Creating a Column Profile on a Semi-structured Data Source
After you create a flat file data object or complex file data object from Avro, JSON, Parquet, or XML data sources, you can create and run a column profile on the data object.
1. In the Object Explorer view, select the data object for the Avro, JSON, Parquet, or XML file.
2. Click File > New > Profile.
The New dialog box appears.
3. Select Profile. Click Next.
The New Profile dialog box appears.
4. In the New Profile dialog box, add a name for the profile and an optional description.
5. Select Process Extended File Formats option. Click Next.
The following image shows the New Profile wizard with the Process Extended File Formats option:
Note: The Process Extended File Formats option does not appear for Avro and Parquet data sources when you choose the Resource Format as Avro or Parquet.

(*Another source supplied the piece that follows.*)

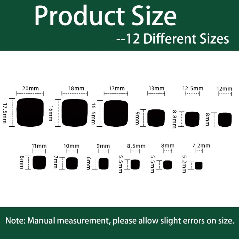 - DURABLE MATERIAL : Our square false toe nails are made from high quality ABS material,which is friendly environmental, safe and non-toxic and not easy to chip or break, which can cover your native nails very well. Giving you a comfortable manicure experience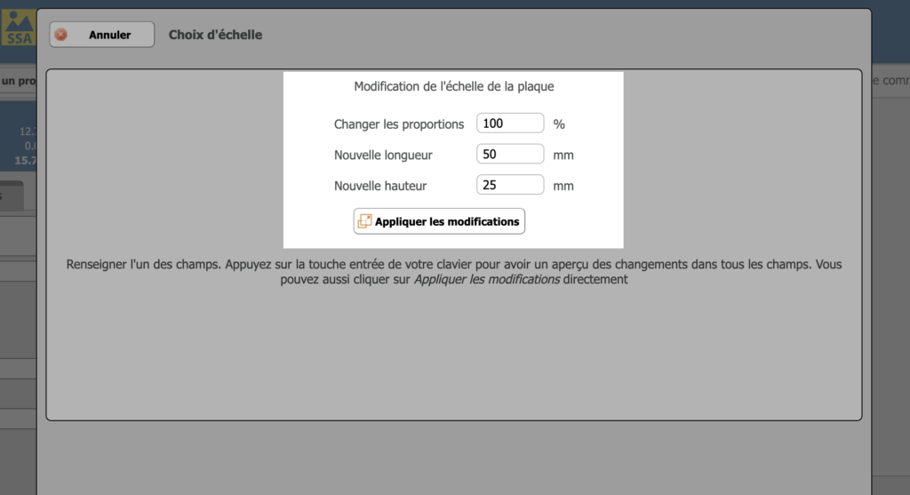 Vous avez terminé une pancarte et vous vous rendez compte qu’elle doit être d’une autre taille ? La fonction “Échelle” est là pour vous aider. Elle vous permet de redimensionner votre plaque tout en conservant automatiquement les proportions de tous les éléments de la zone de travail.

6. In the Single Data Object Profile page, select the columns and options under Column Selection and Data Domain Discovery as required. Click Finish.
Note: If the Developer tool is installed on a Linux machine and the JSON or XML physical data object is a flat file data object with a text file, then perform the following tasks:
- a. On the Overview tab, update the Precision value to include the number of characters in the file path of the data source in the server.
- b. Update the file path of the data source to the location in the server after you create a profile on the flat file data object. To update the file path, click Runtime: Read > Source file directory in the Advanced tab, and add the file path.
7. Right-click the profile, and select Run Profile.
The profile results appear.